Dataset records:
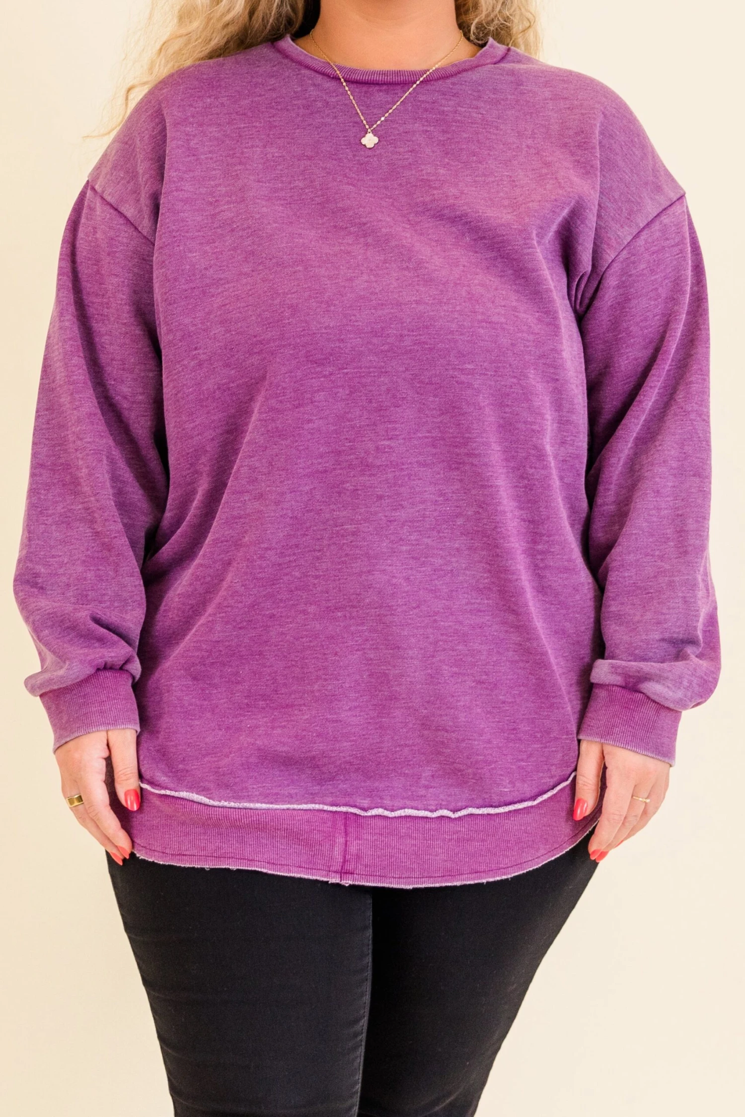 Achieve effortless style with this lovely tunic! Featuring a eggplant color and distressed seam, this tunic adds a pop of color and texture to your wardrobe! It pairs perfectly with white denim for a chic and trendy look!Â
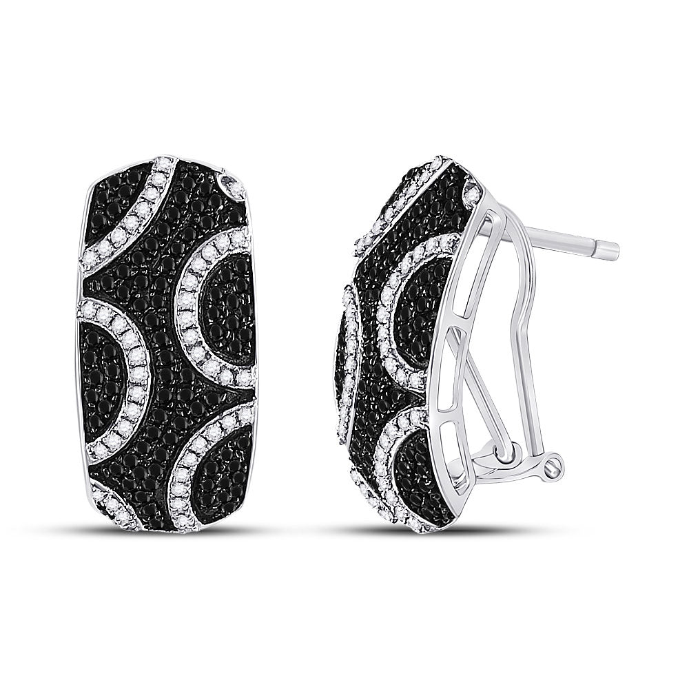 10kt White Gold Womens Round Black Color Enhanced Diamond Hoop Earrings 3/4 Cttw
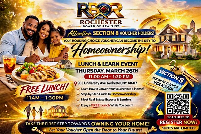 Ready to dive into the world of homebuying? Come hang out with us in person for a casual lunch and learn session where you'll get the scoop on everything you need to know before buying your first home. Bring your questions, grab some tasty food, and leave feeling confident and supported about your next big step. Don’t miss out on this fun and informative free event! Section 8 Voucher holders, veterans and essential workers are Welcome. Leave with a Pre-Approval or Purchase Plan on the spot!!
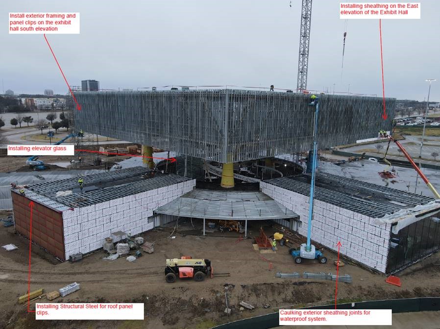 - Installing exterior wall framing clips on the Exhibit Hall.
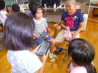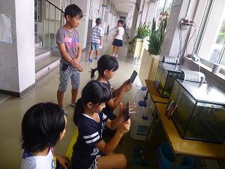 3年生は、金谷小の3,4年生と図工の学習をしました。まず、自己紹介をしあって、打ち解けた後、金谷小の3,4年生が学校の中を案内し、お気に入りの場所を見つけ、写真を撮っていきました。有明小の3年生は、いつもと違う学校の様子に、わくわくしながらお気に入りの場所を探していました。
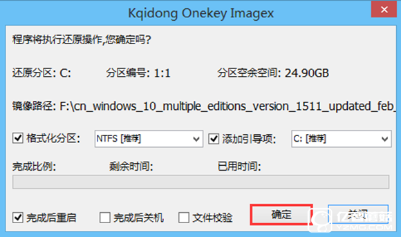 Ⅴ、無需修改直接默認設置,按下“確定”按鈕即可開始安裝win10系統,如圖所示:
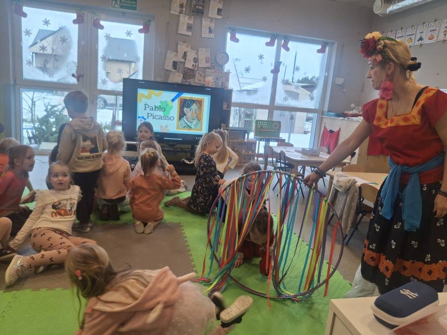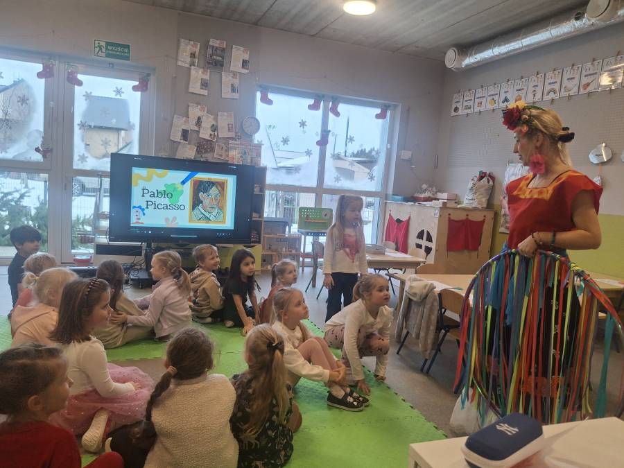 Warsztaty plastyczne to podróże w czasie z Fridą Kohlo. Tym razem dzieci przeniosły się do czasów Pablo Picasso.
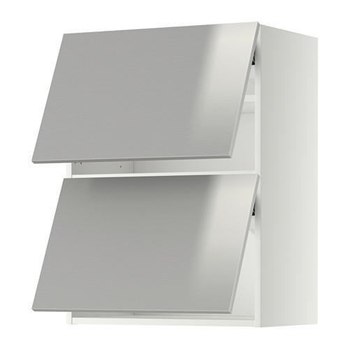 МЕТОД Навесной шкаф/2 дверцы, горизонтал - белый, Гревста нержавеющ сталь, 60x80 см
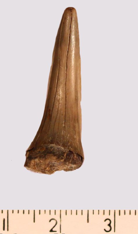 Зуб (фрагмент). Акула. Scapanorhynchus cf. raphiodon (Agassiz, 1843). Классификация: Хордовые Chordata, Позвоночные Vertebrata, Хрящевые рыбы Chondrichthyes, Пластиножаберные Elasmobranchii
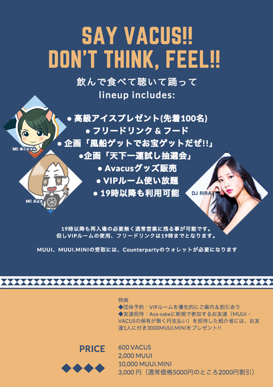 ◆Ava-sakeに新規で参加するお友達(MUUI・VACUSの保有が無く円支払いのお友達)を招待した紹介者には、お友達1人に付き3000MUUI.MINIをプレゼント!!
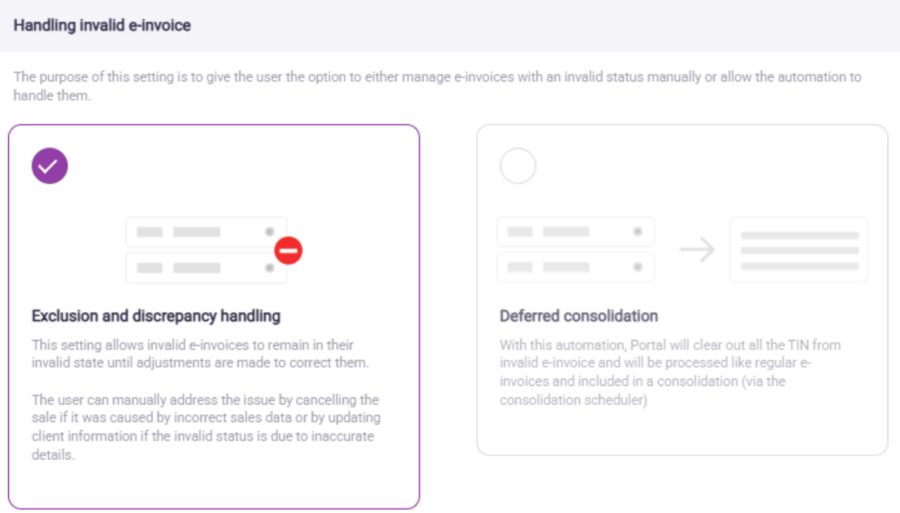 The purpose of this setting is to give the user the option to either manage e-invoices with an invalid status manually or allow automation to handle them.

TASK GOAL: Give the data again exactly, image-free.

WRITTEN SOLUTION:
 Achieve effortless style with this lovely tunic! Featuring a eggplant color and distressed seam, this tunic adds a pop of color and texture to your wardrobe! It pairs perfectly with white denim for a chic and trendy look!Â
 10kt White Gold Womens Round Black Color Enhanced Diamond Hoop Earrings 3/4 Cttw
 Ready to dive into the world of homebuying? Come hang out with us in person for a casual lunch and learn session where you'll get the scoop on everything you need to know before buying your first home. Bring your questions, grab some tasty food, and leave feeling confident and supported about your next big step. Don’t miss out on this fun and informative free event! Section 8 Voucher holders, veterans and essential workers are Welcome. Leave with a Pre-Approval or Purchase Plan on the spot!!
 - Installing exterior wall framing clips on the Exhibit Hall.
 3年生は、金谷小の3,4年生と図工の学習をしました。まず、自己紹介をしあって、打ち解けた後、金谷小の3,4年生が学校の中を案内し、お気に入りの場所を見つけ、写真を撮っていきました。有明小の3年生は、いつもと違う学校の様子に、わくわくしながらお気に入りの場所を探していました。
 Ⅴ、無需修改直接默認設置,按下“確定”按鈕即可開始安裝win10系統,如圖所示:
 Warsztaty plastyczne to podróże w czasie z Fridą Kohlo. Tym razem dzieci przeniosły się do czasów Pablo Picasso.
 МЕТОД Навесной шкаф/2 дверцы, горизонтал - белый, Гревста нержавеющ сталь, 60x80 см
 Зуб (фрагмент). Акула. Scapanorhynchus cf. raphiodon (Agassiz, 1843). Классификация: Хордовые Chordata, Позвоночные Vertebrata, Хрящевые рыбы Chondrichthyes, Пластиножаберные Elasmobranchii
 ◆Ava-sakeに新規で参加するお友達(MUUI・VACUSの保有が無く円支払いのお友達)を招待した紹介者には、お友達1人に付き3000MUUI.MINIをプレゼント!!
 The purpose of this setting is to give the user the option to either manage e-invoices with an invalid status manually or allow automation to handle them.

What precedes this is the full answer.